# Review of Management Company Accounts - sinking fund etc...



## vallnett (11 Feb 2008)

Hi

I couldn't find a thread on this before - does anyone have tips for things to look out for when reviewing Management Company accounts before buying an apartment?

If the development is approx 10 years old, how much of a sinking fund should ideally be in place?

(My solicitor is carrying out the legal searches re pending legal actions etc so this is more in relation to the actual financial statements).

Thanks!


----------



## ontour (11 Feb 2008)

The size of the sinking fund depends on the scheme, it's size, facilities and materials used in the construction.  For example, if the scheme has lifts, the boxes and engines may need to be replaced / overhalled every 8-10 years, the building may need to be repainted every 4-5 years.  The key to the amount of the sinking funds is it's correlation to expected future costs for the development in question.  Unless management companies have researched and planned for these future events with realistic budgets, the occupiers will be hit for higher charges in the future or the work will not be done which will probably negatively impact resale value.

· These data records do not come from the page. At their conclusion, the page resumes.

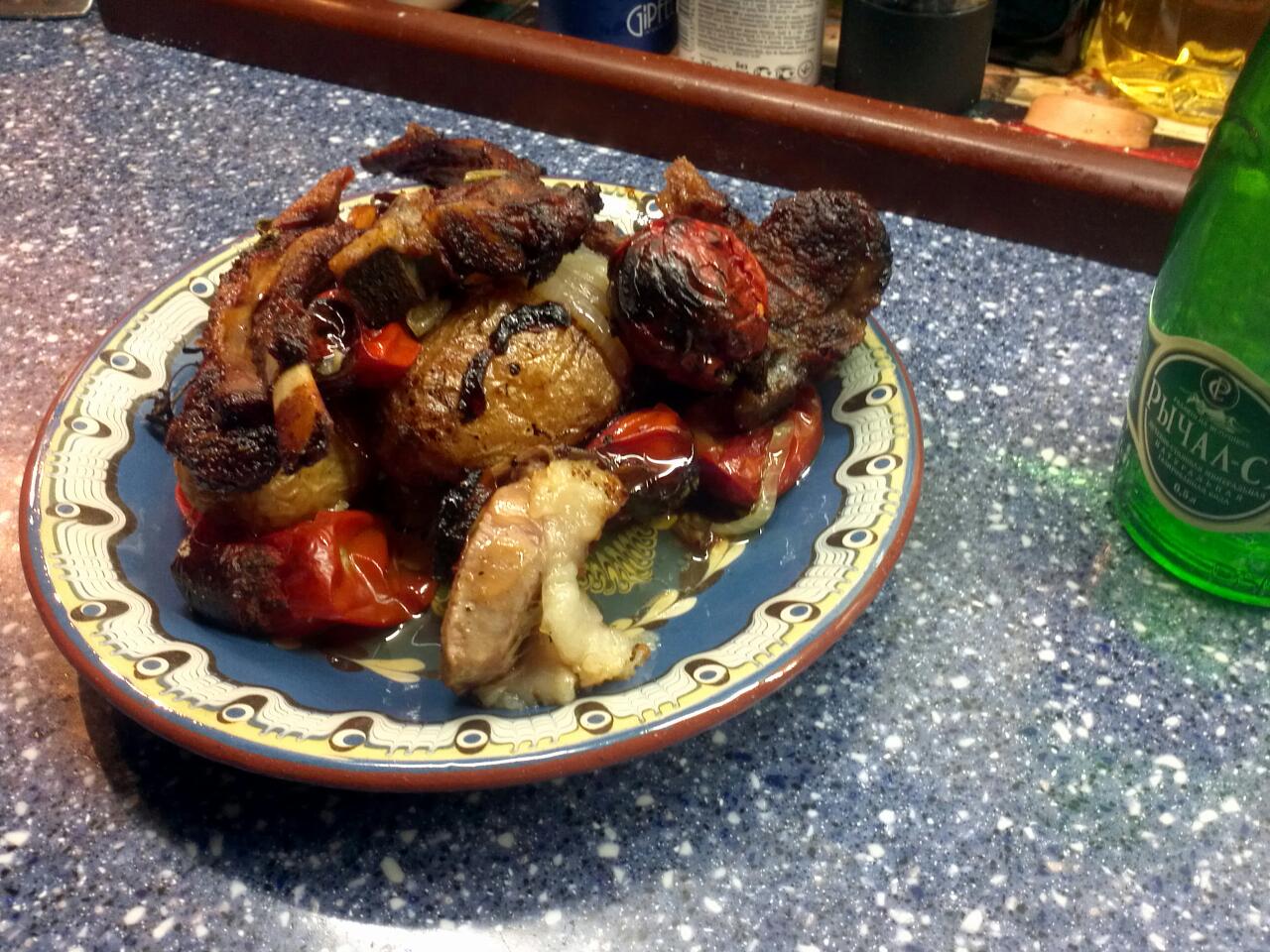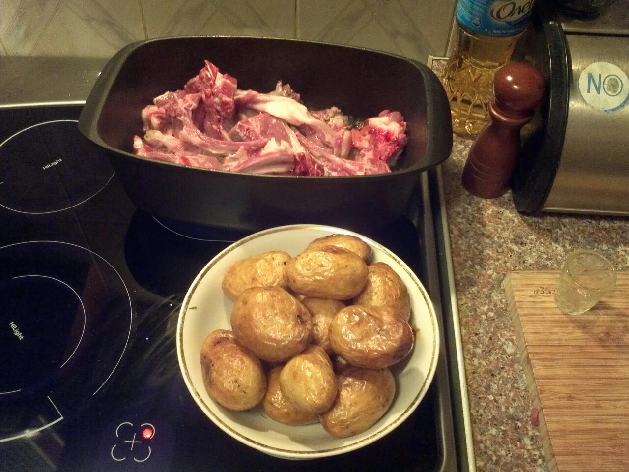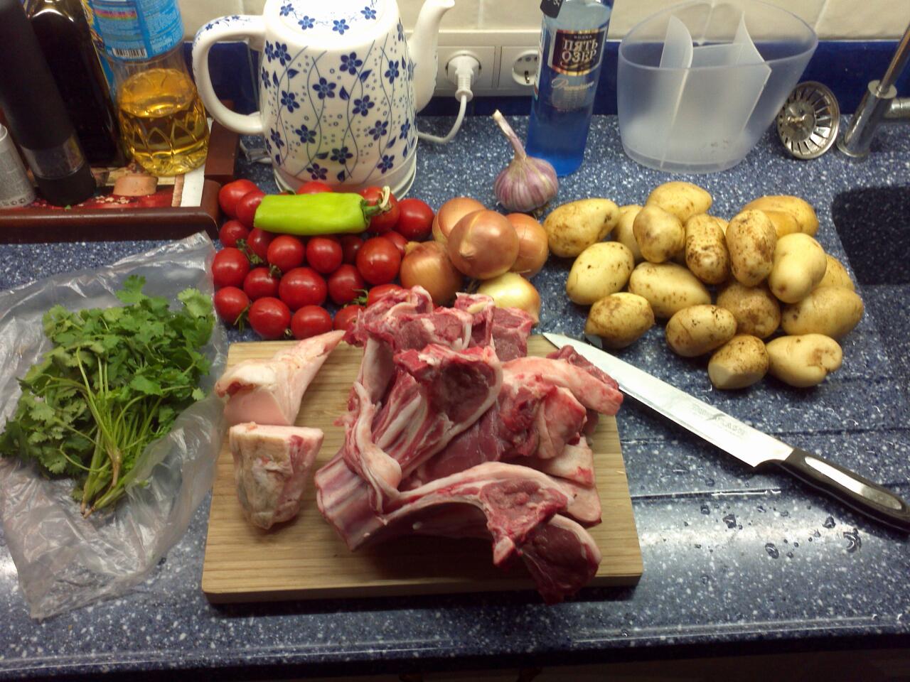 Берём корейку барана, мелкий картофель, курдюк, помидоры, лук.
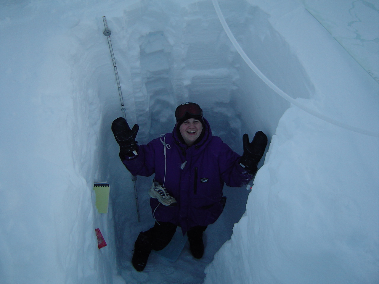 TREC teacher Nikki Airaudi inside of a snow pit at Summit, Greenland.
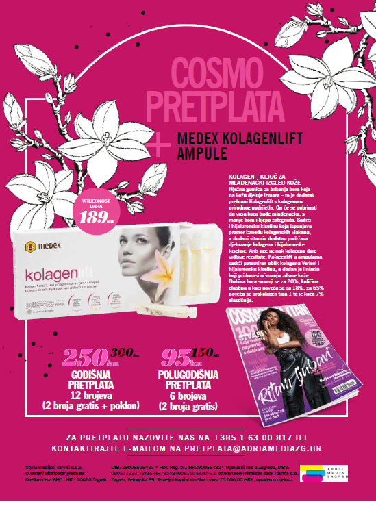 Ne propustite aktualnu ponudu godišnje pretplate na magazin Cosmopolitan! Pretplatite se i poklonit ćemo vam Medex Kolagenlift ampule. Požurite jer ponuda vrijedi do kraja ožujka!
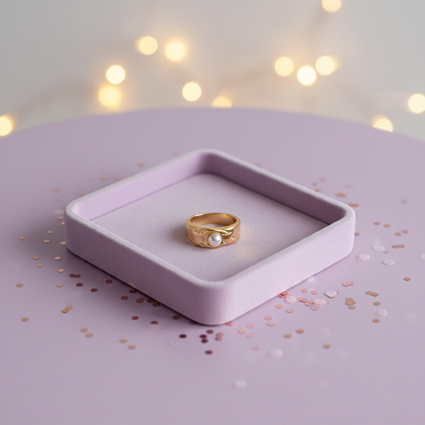 Seren Stainless Steel Waterproof 18K Gold Pearl Molten Ring

Take a walk around a 10 year old scheme and see if the grounds have been maintained, painting is done, carpets replaced etc.  This will give you a good idea of the dilligence of the Management company.

Without knowing what work has been done using the sinking fund or what work is planned there is no way of knowing if it is adequate.


----------



## vallnett (14 Feb 2008)

Thanks Ontour, I know it's a bit like how long is a piece of string! I went out again for a good look and the place looks in good enough shape but who knows what's going on behind the scene with lifts etc... 

I was talking to a friend who is on the management co of her apartment block and they don't have any sinking fund and intend dealing with big renovations by emergency contributions when they arise... sounds like a bad idea to me!


----------



## ontour (14 Feb 2008)

Not having a sinking fund might be in the interest of the current owner's that are involved in the running of the management company if they believe that they will have moved on before any significant expenditure is expected.

If that is the case, they will save money by not funding a sinking fund.  Logicallly this should impact their ability to sell however I don't think that purchasers are knowledgeable enough about sinking funds to make their absence an impediment to purchasing an apartment.


----------